After monitoring the daily schedule of the children for several months, Belton came to the conclusion that their lack of imagination was, at least in part, caused by the absence of "empty time," or periods without any activity or sensory stimulation. She noticed that as soon as these children got even a little bit bored, they simply turned on the television: the moving images kept their minds occupied. "It was a very automatic reaction," she says. "Television was what they did when they didn't know what else to do."

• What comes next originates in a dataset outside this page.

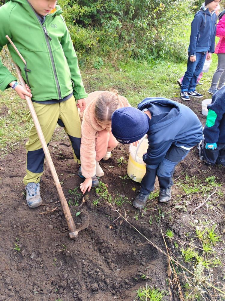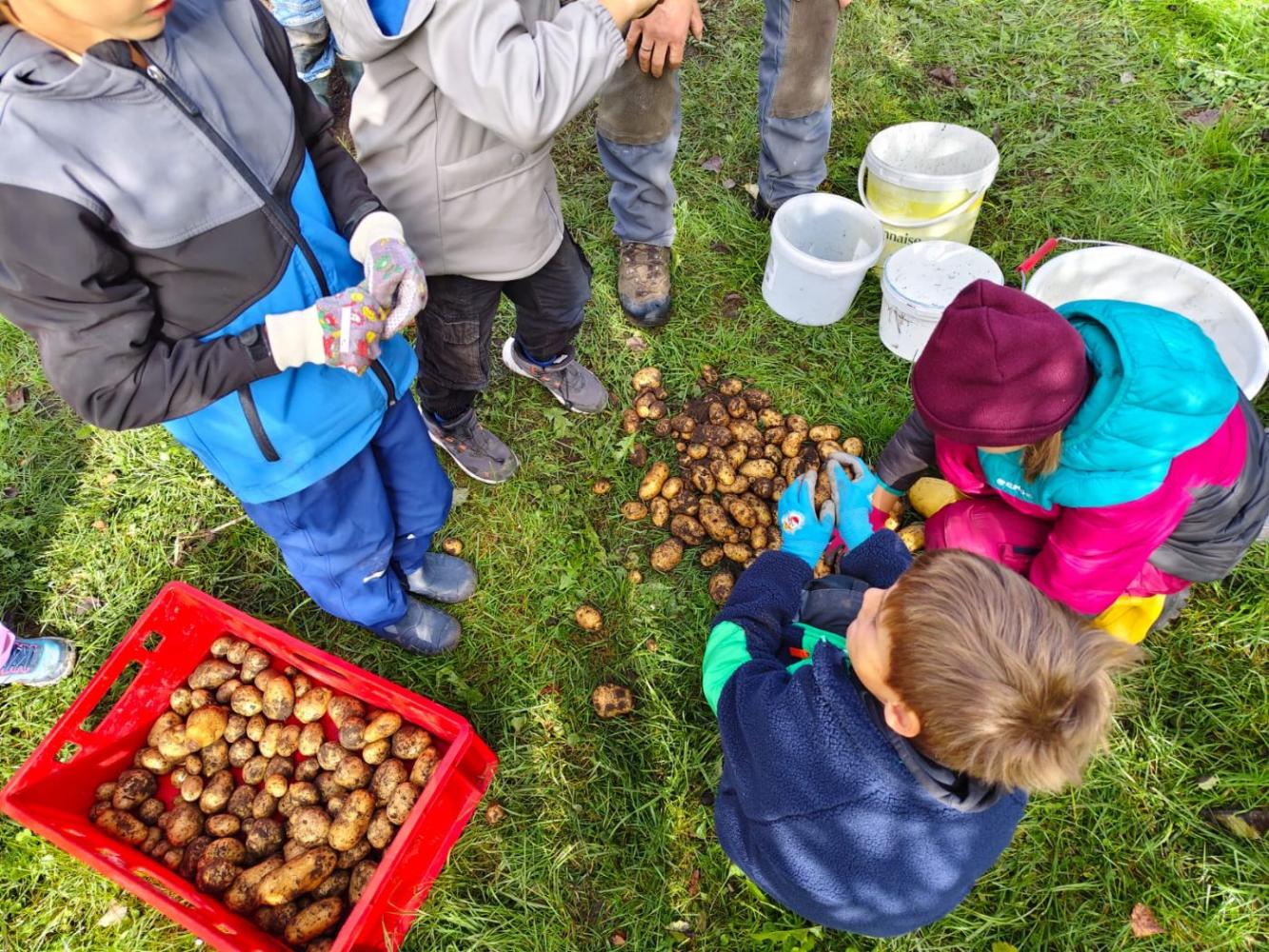 Heute war ein ganz besonderer Tag für unsere zweiten Klassen: die große Kartoffelernte stand auf dem Programm!

The problem with this habit, Belton says, is that it kept the kids from daydreaming. Because the children were rarely bored - at least, when a television was nearby - they never learned how to use their own imagination as a form of entertainment. "The capacity to daydream enables a person to fill empty time with an enjoyable activity that can be carried on anywhere," Belton says. "But that's a skill that requires real practice. Too many kids never get the practice."
Here is a recent Science paper on the default network. I hope everyone has a lovely Labor Day.


Comments (4)
Welcome back and cheerful Labor Day to you, Jonah! Thanks for another great article. Meditation, of course, is a formal way to cultivate this ability to recognize when you are daydreaming and make space for it. Thoughts and multiple interconnected thoughts = daydreams are ongoing. One simply trains to notice, label, and drop them in order to go back to the object of meditation. This way seem anti-thought but getting rid of thoughts is rarely possible plus you'd be throwing out right hemisphere 'insights' along with left hemisphere 'how am I doing?' type thoughts. Rather you are training to slow thoughts down, develope awareness of your state of mind whatever it is, make friends with your mind, and have insights.
Slightly off topic, I've been wondering about the types of insight tests that are given by Mark Jung-Beeman as described in your New Yorker article. It seems to me that the 'jumble' word puzzles that appear in most daily papers are puzzles that can be solved by insight(rh) or by rote trial and error(lh).
Off to putter in the garden on this beautiful day and maybe have some daydreams!